Tribunal holandês ordena corte de emissões na Shell
Também nesta quarta, em uma ação inédita, um tribunal holandês decidiu que a unidade da Shell no país (Royal Dutch Shell) deve reduzir suas emissões de CO2 em 45% até 2030 em relação aos níveis de 2019.
Isso inclui as emissões de suas próprias operações e dos produtos de energia que vende.
A decisão de um tribunal distrital de Haia pode ter consequências para as demais empresas de petróleo.
O redirecionamento de investimentos para negócios da economia de baixo carbono é um tema que avança já há algum tempo e afeta empresas no mundo inteiro e em diferentes setores.
A Shell vai recorrer da decisão
“Estamos investindo bilhões de dólares em energia de baixo carbono, incluindo carregamento de veículos elétricos, hidrogênio, energias renováveis e biocombustíveis”, afirmou o diretor de Projetos e Tecnologia da Shell, Harry Brekelmans.

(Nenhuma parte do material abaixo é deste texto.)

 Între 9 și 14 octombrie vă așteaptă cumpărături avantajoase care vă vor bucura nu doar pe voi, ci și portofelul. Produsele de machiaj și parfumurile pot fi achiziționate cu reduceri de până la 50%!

Em comunicado, a companhia listou uma série de iniciativas tomadas desde 2017 que culminaram no compromisso de atingir a neutralidade de carbono em 2020.
“É necessária uma ação urgente sobre a mudança climática e é por isso que aceleramos nossos esforços para nos tornarmos uma empresa de energia com emissões líquidas zero até 2050, em sintonia com a sociedade, com metas de curto prazo para acompanhar nosso progresso”, diz Harry Brekelmans.

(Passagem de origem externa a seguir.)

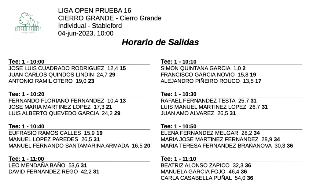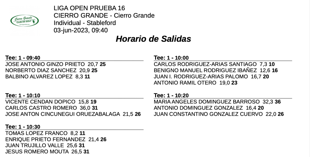 Horarios salidas sábado y domingo 16ª jornada LIGA OPEN / Cierro Grande Golf por Golf por Asturias en 4 junio, 2023 SABADO DOMINGO Compártelo: Haz clic para compartir en X (Se abre en una ventana nueva) X Haz clic para compartir en Facebook (Se abre en una ventana nueva) Facebook Me gusta Cargando...

A ação foi movida no Tribunal Distrital de Haia pela Friends of the Earth Netherlands (Milieudefensie) ao lado de seis ONGs – Action Aid Netherlands, Both ENDS, Fossil Free Netherlands, Greenpeace Netherlands, Young Friends of The Earth Netherlands and the Wadden Sea Association (Waddenvereniging).
“Esta é uma vitória monumental para nosso planeta, para nossos filhos e é uma parada rumo a um futuro habitável para todos”, comemorou Donald Pols, diretor da Friends of the Earth Holanda.

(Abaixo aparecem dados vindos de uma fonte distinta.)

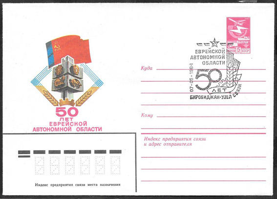 ХМК со спецгашением - 50 лет Еврейской автономной области, 1984 год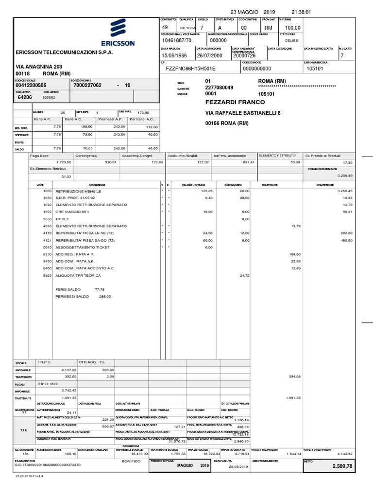 C/C: IT48W0301503200000000373470 MAGGIO 2019 29/05/2019 2.500,78

“O juiz não deixou margem para dúvidas: a Shell está causando uma perigosa mudança climática e deve parar seu comportamento destrutivo agora”, diz.
Roger Cox, advogado da organização afirma que “este é um ponto de inflexão na história. Este caso é único porque é a primeira vez que um juiz ordenou a uma grande empresa poluidora o cumprimento do Acordo Climático de Paris. Esta decisão também pode ter grandes consequências para outros grandes poluidores.”
“Nossa esperança é que este veredicto desencadeie uma onda de litígio climático contra os grandes poluidores, para forçá-los a parar de extrair e queimar combustíveis fósseis”, afirma Sara Shaw.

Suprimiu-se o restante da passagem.